Para la determinación del número de copias del gen CYP2D6, se realiza una PCR en tiempo real por triplicado en un ABI StepOnePlus usando el ensayo CYP2D6 RealFast™ CNV (ViennaLab) en el laboratorio de práctica.

La prueba se basa en el ensayo de nucleasa 5' fluorogénica, también conocido como ensayo TaqMan®. Cada reacción contiene pares de cebadores específicos de genes para la amplificación de CYP2D6 y fragmentos de genes de control endógeno (EC) con 141 pb cada uno. Otros componentes son dos sondas de hidrólisis específicas del gen, marcadas dualmente, la sonda CYP2D6 marcada con FAM y la sonda EC marcada con HEX, que se hibridan con una secuencia interna de los fragmentos amplificados. La proximidad del indicador fluorescente 5' y el colorante extintor 3' en las sondas intactas evita que el indicador emita fluorescencia. Durante la fase de extensión de la PCR, la actividad exonucleasa 5' - 3' de la ADN polimerasa Taq escinde el indicador fluorescente 5' de la sonda hibridada. La separación física del fluoróforo del colorante extintor genera una señal fluorescente en tiempo real, que es proporcional al producto de PCR acumulado. El ensayo CYP2D6 RealFast™ CNV es un ensayo de cuantificación relativa y compara la cantidad de ambos objetivos de ácido nucleico (CYP2D6 y EC) en relación con el calibrador CYP2D6 CNV. El gen EC se utiliza para normalizar las señales de fluorescencia entre diferentes muestras y sirve como control positivo de PCR.

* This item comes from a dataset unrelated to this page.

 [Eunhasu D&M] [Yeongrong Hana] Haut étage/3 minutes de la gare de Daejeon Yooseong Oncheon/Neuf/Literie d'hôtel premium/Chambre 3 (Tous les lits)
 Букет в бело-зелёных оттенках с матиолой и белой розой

Para una normalización adicional de los datos, se agrega colorante ROX a una concentración final de 1 microlitro a la mezcla de sonda 2x.

Condiciones de ciclado de RT-PCR para el ciclador ABI StepOneplus: Desnaturalización inicial: 95°C 10 min 1 ciclo; desnaturalización 95°C 15 seg 40 ciclos; recocido/extensión 60°C 1 min.

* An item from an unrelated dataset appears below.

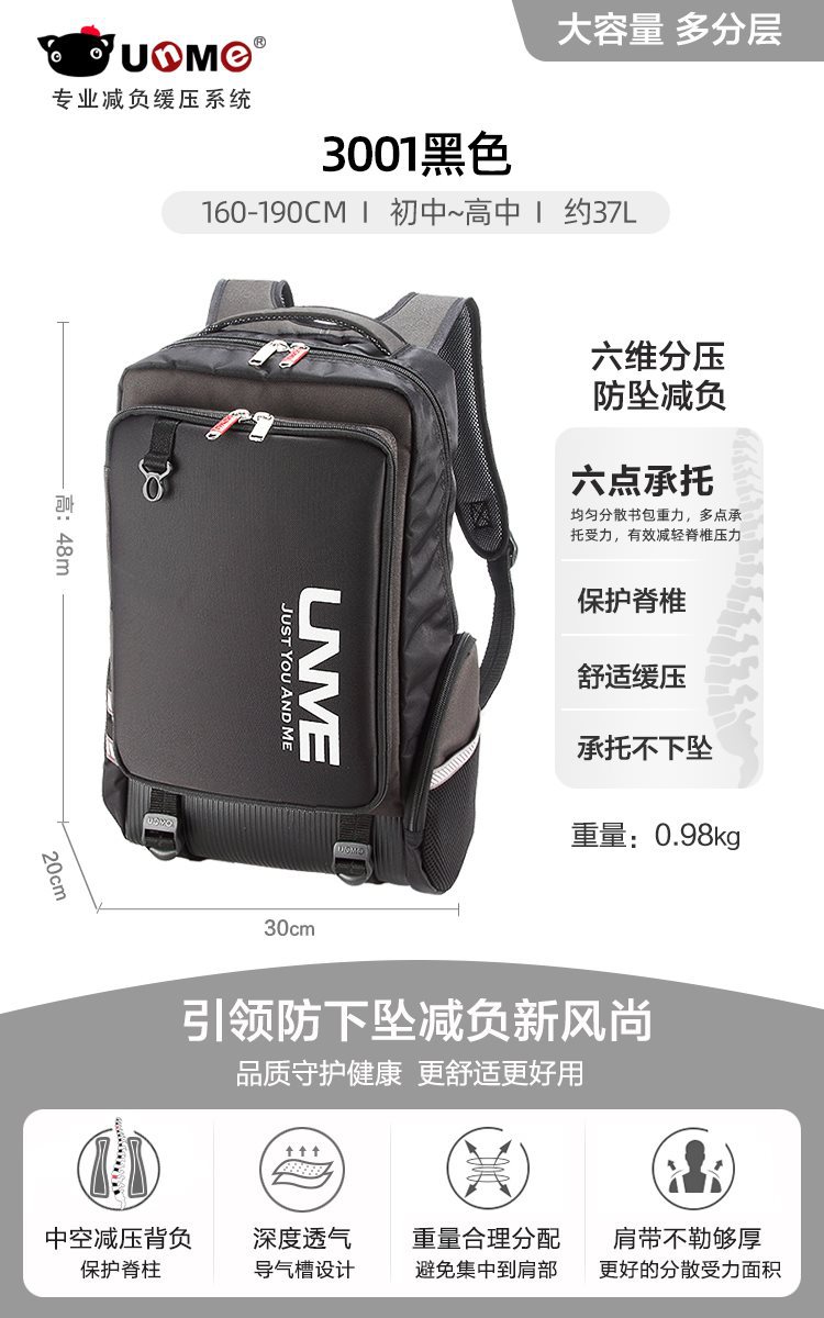 Unme new junior high school students large capacity schoolbag men's burden reduction ridge protection middle school women's grade 3-6 waterproof ultra light decompression

PCR e hibridación para la determinación del alelo CYP2D6 mediante el PGX-CYP2D StripAssay™:

Este ensayo se usa para un subconjunto de muestras en este estudio y cubre solo 3 loci polimórficos: 1795delT (2D6*6), 1934G>A (2D6*4) y 2637delA (2D6*3). El principio y el procedimiento de la prueba son similares a los del PGX-CYP2D6 XL StripAssay®, como se describe a continuación, pero utilizan diferentes condiciones de ciclo para el Palm-Cycler (Corbett Life Science): pre-PCR: 94 °C/2 min; termociclado: 94°C/15 seg.- 58°C/ 30 seg.-72°C/30 seg (35 ciclos); extensión final: 72°C/3 min.

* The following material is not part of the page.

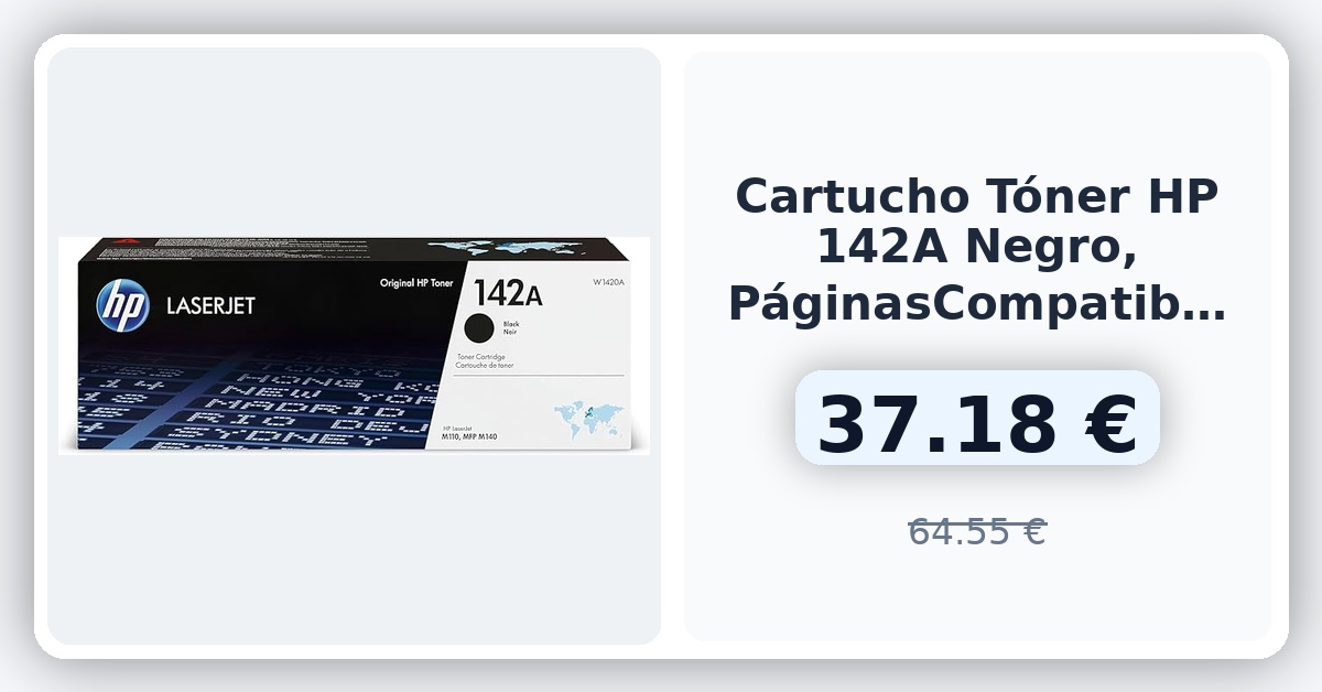🌀 HP 142A Negro, W1420A, Cartucho Tóner Original de 950 Páginas, Compatible con Las Impresoras LaserJet M110w, M140w e Impresoras LaserJet M110we y M140we 🇪🇸

PCR e hibridación para la determinación del alelo CYP2D6 mediante el PGX-CYP2D6 XL StripAssay®:

Para la determinación de 19 alelos CYP2D6 clínicamente relevantes (*1; *2 A, *2 B-M; *3, *4A-H, K, L o P, *4J o N, *4M; *5; *6 A, B o D, *6C; *7, *8; *9; *10A o B, *10 C o D; *11; *12; *14; *15; *17; *29; *35; * 39; *40 o *58; *41) se realiza primero una amplificación por PCR en un Palm-Cycler (Corbett Life Science, Eight Mile Plains, QLD 4113, Australia) utilizando cebadores biotinilados. Los productos de amplificación se hibridan aún más con una tira de prueba que contiene sondas de oligonucleótidos específicas de alelo inmovilizadas como una matriz de líneas paralelas. Las secuencias biotiniladas unidas se detectan usando estreptavidina-fosfatasa alcalina y sustratos de color. La evaluación de esta reacción se realiza manualmente utilizando el StripAssay®-Evaluator (ViennaLab,Vienna), un programa de PC propietario para determinar el genotipo homocigoto o heterocigoto.

Condiciones de ciclo para Palm-Cycler (Corbett Life Science): pre-PCR: 95 °C/4 min; termociclado: 95°C/25 seg.- 60°C/ 45seg.-72°C/1min (36 ciclos); extensión final: 72°C/3 min.

Estadísticas:

Los datos se registraron y analizaron utilizando Microsoft Excel Versión 10 y R Language and Environment for Statistical Computing and Graphics, Versión 2.9. Se utilizan métodos estándar para la descripción de datos (frecuencias y porcentajes para datos categóricos, media y desviación estándar para datos continuos). Para comparar las frecuencias de los fármacos específicos de CYP2D6 prescritos en la práctica única con el número total de prescripciones respectivas en Baja Austria, se calcula el coeficiente de correlación de rango de Spearman. Las diferencias entre los grupos se calcularon mediante la prueba t pareada. Se consideró que un valor de p < 0,05 indicaba significación estadística.

El equilibrio de Hardy-Weinberg se calculó mediante la prueba de chi-cuadrado exacto de Fisher debido al pequeño número de genotipos.